This per-thread per-packet cycle budget is independent of how the thread consumes the cycles – it specifies only the maximum time (in cycles) between the beginning and end of packet processing. The cycles may be used for instruction execution, aborted instructions due to branches, microengine stalls due to command queue pushback, or idle cycles. Changes in any of these uses of time can cause a thread to meet or exceed its cycle budget.

The Developer’s Workbench IX Bus Device Simulator is typically configured to show performance in Mbps based on frames/sec. However, it can also be configured to display cycles/frame, which is useful in tuning a design to reach cycle budgets.
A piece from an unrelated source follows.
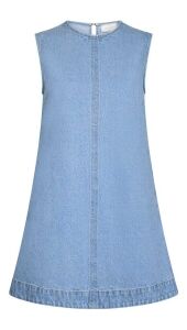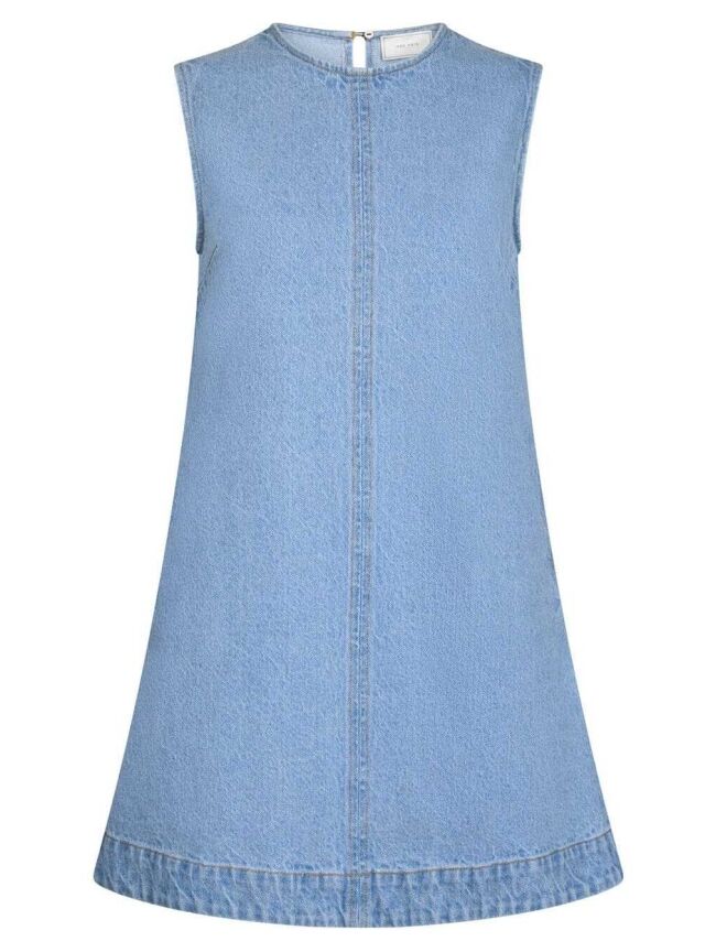 Dit korte, mouwloze denim jurkje heeft een stoere en vrouwelijke look. Het rechte model met subtiele details zorgt voor een tijdloze stijl. Ideaal voor zonnige dagen of om laagjes mee te creëren.

Developer’s Workbench IX Bus Simulator – Bounded and Unbounded Wire Rates

Simulations can be run with ports “bounded” or “unbounded” to the wire rate. Simulations run with ports “bounded” to wire rate will always show exactly the correct cycle budget/frame – because it is bound to the desired wire rate. It is also useful to run a simulation with the ports “unbounded” to wire-rate (infinite bandwidth on the wire). This means that on the receive side there is always data waiting on the wire, and on the transmit side the wire is always ready to accept more data. If the design is able to run faster than wire-rate, then setting the IX Bus Device Simulator to display in cycles/frame can be useful to relate that to instructions.

This technique was used to measure the OC-12 Receive Microengine over several workloads against its 164 cycles/cell budget. The 8 interleaved VC workloads were used to make sure that the VC-cache experienced a 100% miss rate. Figure 4 shows the results for both the –75 and –7E DRAM speed grades.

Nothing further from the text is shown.